Second, some policies impose a waiting period before they’ll cover major procedures. If you just enrolled in a new plan, you may need to wait 6 to 12 months before extraction benefits kick in. Check your specific policy’s summary of benefits or call the number on your insurance card to confirm your coverage, waiting period, and remaining annual maximum before scheduling.

Post-Procedure Costs

Your extraction bill isn’t quite the final number. Prescriptions for antibiotics and pain medication average about $30 total, and your dental insurance may or may not cover them. You’ll also want soft foods on hand for a few days of recovery, plus gauze and ice packs, though many offices send you home with a basic supply kit.

Follow-up visits are usually included in the extraction fee, but confirm this when you book. Complications like dry socket (where the blood clot dislodges from the extraction site) may require an additional office visit, though most surgeons handle these at no extra charge.

Paying Without Insurance

If you don’t have dental coverage, several options can make the cost more manageable. Many dental offices offer in-house payment plans that let you split the balance into monthly installments, often with no credit check and no interest. You typically pay a portion upfront and cover the rest over several months.

Third-party financing through services like CareCredit or buy-now-pay-later providers is another route. These work like medical credit lines with APRs ranging from 0% to about 36%, depending on your credit score and the plan you choose. Some offer promotional 0% interest periods of 6 to 24 months, but be careful: if you don’t pay off the balance before the promotional window closes, interest can apply retroactively to the full original amount.

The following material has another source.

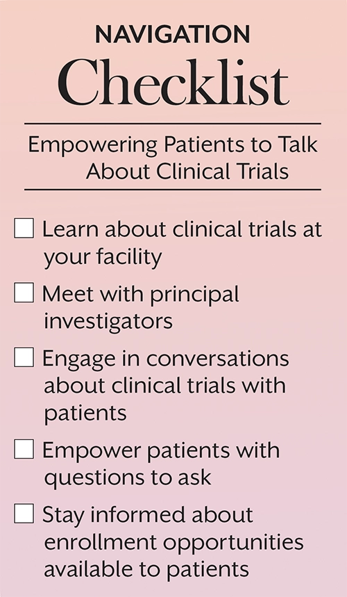Navigators should also aim to build relationships with the principal investigators (PIs) who lead these clinical studies. Open communication with PIs fosters collaboration and ensures that navigators are up-to-date on trial protocols and any changes to study parameters. This level of familiarity allows navigators to confidently engage with patients, providing accurate and relevant information that helps them engage in treatment conversations and make informed decisions about their care.

Dental schools are also worth considering. Teaching clinics at accredited dental schools perform extractions under faculty supervision at significantly reduced rates, though appointments may take longer and availability can be limited.

Estimating Your Total Cost

To get a realistic estimate before your appointment, add up the per-tooth extraction fees based on complexity, your preferred sedation type, and imaging costs. For a common scenario of four impacted wisdom teeth with IV sedation, that looks something like this: four surgical extractions at $300 to $500 each ($1,200 to $2,000), plus IV sedation ($250 to $500), plus a panoramic X-ray ($157 to $343), plus prescriptions ($30). That puts the range at roughly $1,637 to $2,873 before insurance.

With insurance covering 50% to 80%, your out-of-pocket share could drop to anywhere from $350 to $1,400, depending on your plan’s specifics and how much annual maximum you have left. The best way to narrow this down is to get a written treatment plan from the oral surgeon’s office, then submit it to your insurer for a pre-treatment estimate before you commit to a date.